Human's Unfulfilled Needs

According to Augustine, our feeling of dissatisfaction is a consequence of the Christian doctrine of creation – that we are made in the image of God. There is thus an inbuilt capacity within human nature to relate to God. Yet, on account of the fallenness of human nature, this potential is frustrated. There is now a natural tendency to try to make other things fulfill this need. Created things thus come to be substituted for God. Yet they do not satisfy. Human beings are thus left with a feeling of longing – longing for something indefinable.
This phenomenon has been recognized since the dawn of human civilization.
 
In his dialogue Gorgias, Plato compares human beings to leaky jars.

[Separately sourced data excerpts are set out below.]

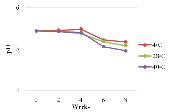 Fig. 4: pH of nanoemulsion for 8 w at different temperatures. All values are expressed as mean±SD (n=3)
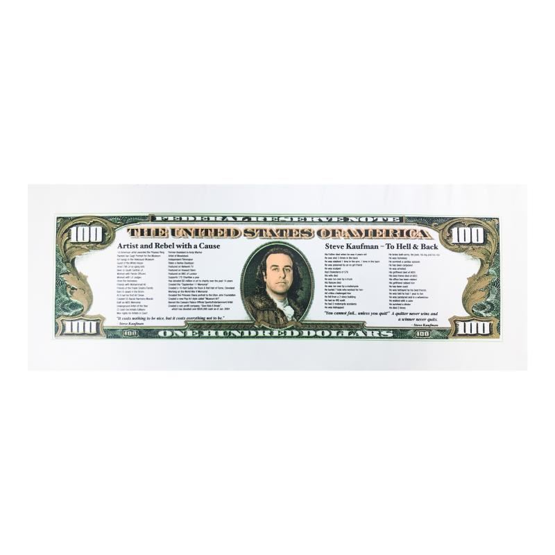 "Steve Kaufman 100 Dollar Bill (To Hell and Back)" is limited edition hand pulled silkscreen unique mixed media on canvas by Andy Warhol protege Steve Kaufman (1960-2010). This piece is numbered and hand signed inverso and includes a letter of authenticity. As is common with Kaufman's works, this piece may have perceived minor flaws, but is in overall good condition. Measures approximately 17" x 46" before cropping.
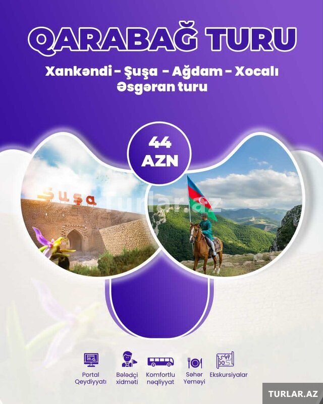 * QÜRUR SƏYAHƏTİ*. *Xankəndi – Şuşa – Ağdam – Xocalı – Əsgəran*. * Tarixlər*: 8, 9, 10, 11 Noyabr. * Qiymət. Ekonom – 44 AZN. Standart – 49 AZN. * Qiymətə daxildir. Portal qeydiyyatı. Komfortlu nəqliyyat [читат далше]
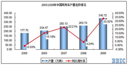 2、2005-2009年商用車產(chǎn)量統(tǒng)計(jì)與走勢(shì)分析
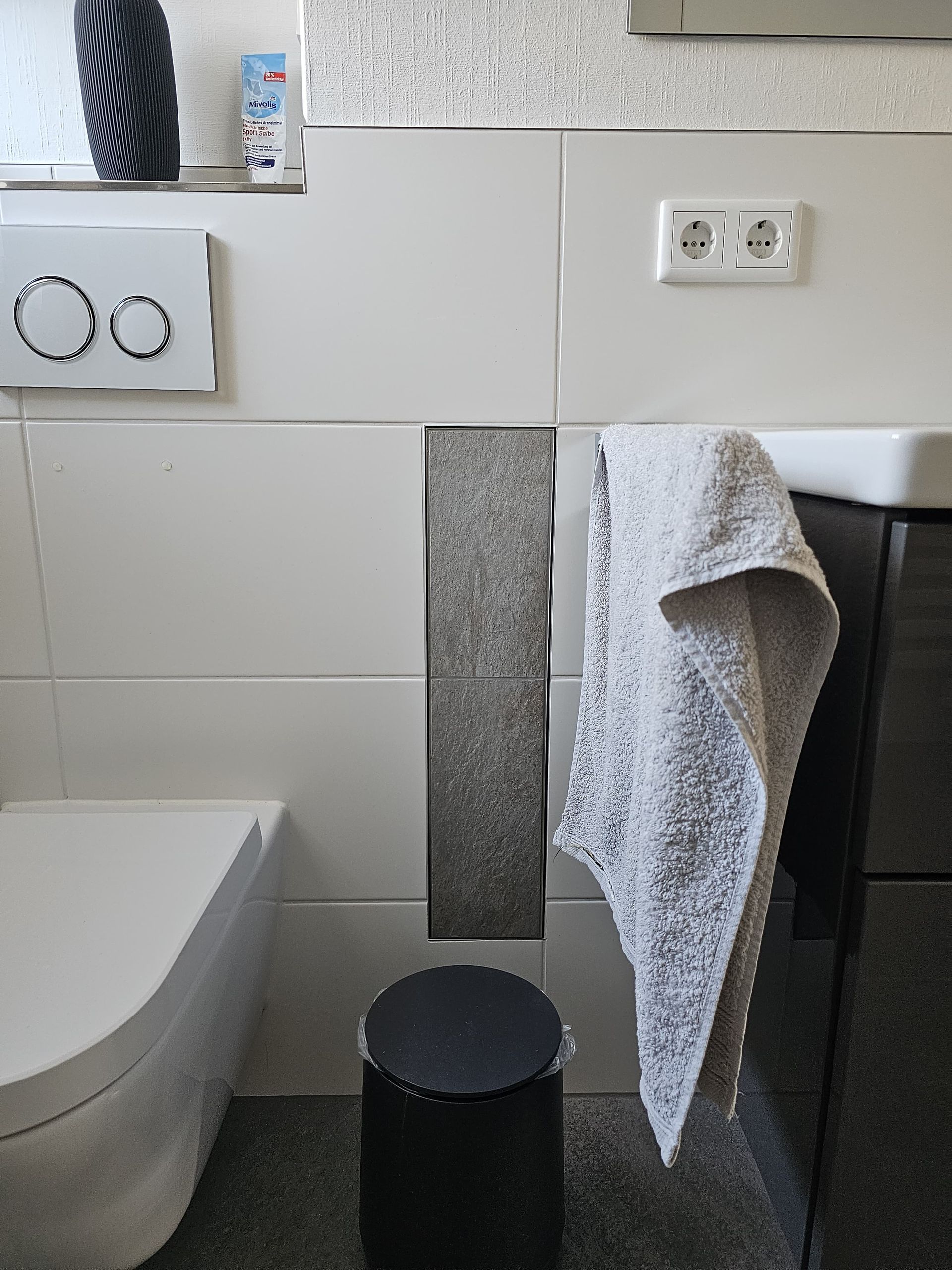 Badsanierung Kombination weiße Wandfliesen im Format 30x60 mit Bodenfliesen 60x60

Somehow, human beings are always unfulfilled. Perhaps the greatest statement of this feeling, and its most famous theological interpretation, may be found in the famous words of Augustine: “You have made us for yourself, and our hearts are restless until they rest in you.”
 
Throughout Augustine’s reflections, especially in his autobiographical Confessions, the same theme recurs. Humanity is destined to remain incomplete in its present existence. Its hopes and deepest longings will remain nothing but hopes and longings. The themes of creation and redemption are brought together by Augustine, to provide an interpretation of the human experience of “longing.” Because humanity is created in the image of God, it desires to relate to God, even if it cannot recognize that desire for what it is. Yet, on account of human sin, humanity cannot satisfy that desire unaided. And so a real sense of frustration, of dissatisfaction, develops. And that dissatisfaction – though not its theological interpretation– is part of common human experience. Augustine expresses this feeling when he states that he “is groaning with inexpressible groanings on my wanderer’s path, and remembering Jerusalem with my heart lifted up toward it – Jerusalem my home land, Jerusalem my mother.”
 
- Alister E. McGrath, Christian Theology: An Introduction, p132-133.